As founder of Intellijoint, a Waterloo-based medical device company, Armen Bakirtzian has first-hand experience with getting a medtech company off the ground. While his company has found its feet in Waterloo, Bakirtzian’s experience taught him that businesses looking to commercialize a product in medtech could benefit from cluster-specific support, mentorship and collaboration.

“(The hub) is an important initiative to us because there are a lot of challenges that [medtech] companies have to go through as they graduate from startup to scale-up,” Bakirtzian told the Waterloo Region Record.

The first cohort of tenants at MIX include Bakirtzian’s company, as well as Penta Medical, Vena Medical and Bloom Care Solutions, which are all Waterloo-based med-tech companies. Together, they have about 100 employees.

Bakirtzian hopes MIX will become a space where med-tech developers, health professionals, investors and other tech experts can collaborate and spark further innovation in the field. Situated in the same building as Christie Digital, a global tech company, MIX will also function as a workspace for health care professionals and smaller med-tech companies to collaborate.

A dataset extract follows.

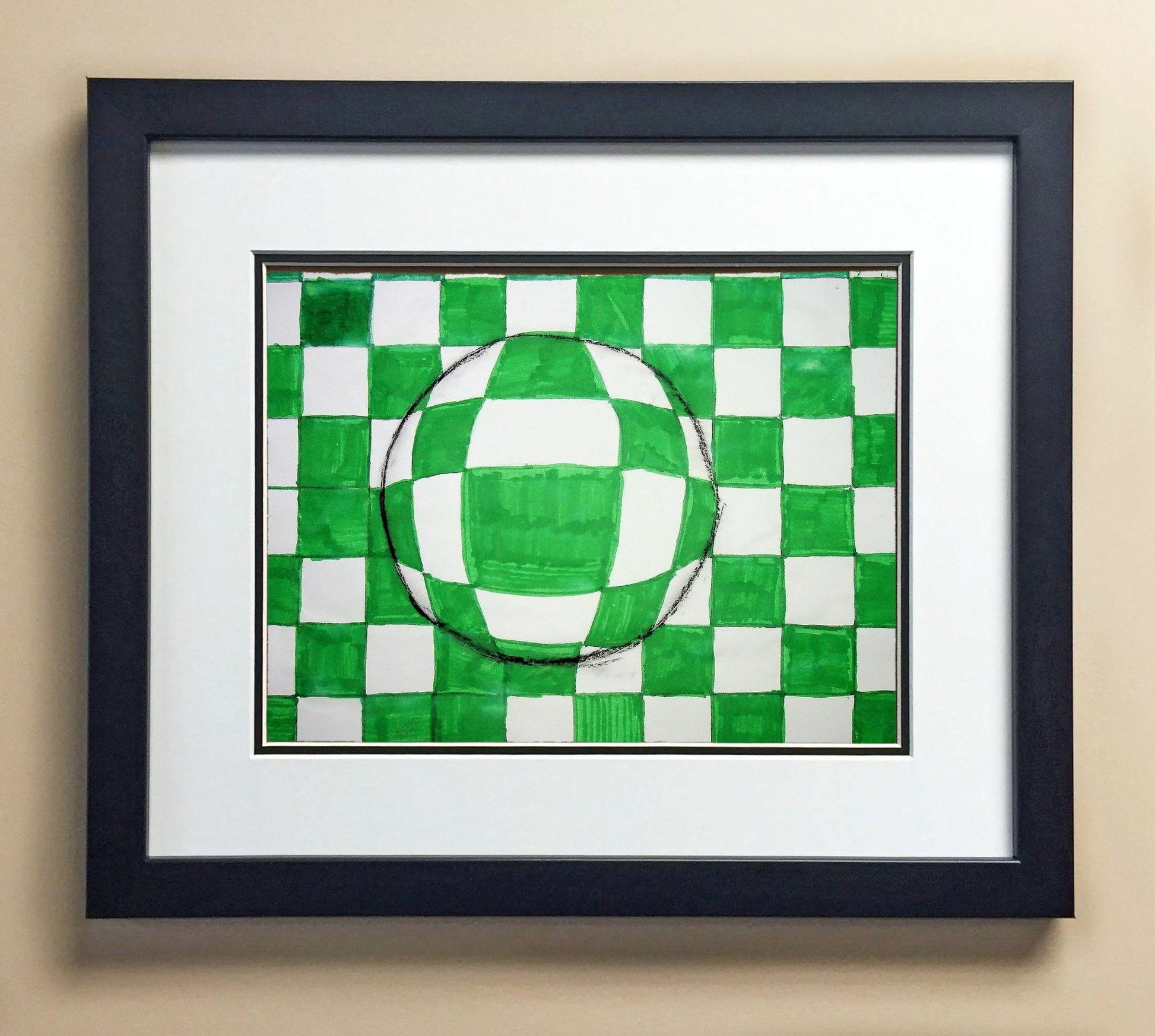 Included with the purchase is the Students Artwork, Frame, double matboard, shatter proof plexiglass, and a ready to hang backerboard with turnbuttons

This isn’t the first time that Waterloo’s entrepreneurs have taken the initiative to build a more innovative and collaborative community. Communitech, now a world-renowned tech hub, was founded when local tech leaders realized that someone needed to advocate for the sort of environment that would help Waterloo-based companies grow to become globally competitive, world-class and profitable.

More recently, when Miovision founder Kurtis McBride realized that the unique needs of growing internet-of-things (IoT) companies required an equally unique space, he created Catalyst137. His facility is now billed as the world’s largest IoT manufacturing space, provides access to numerous services tailored to IoT companies and can claim Toyota and BorgWarner as tenants.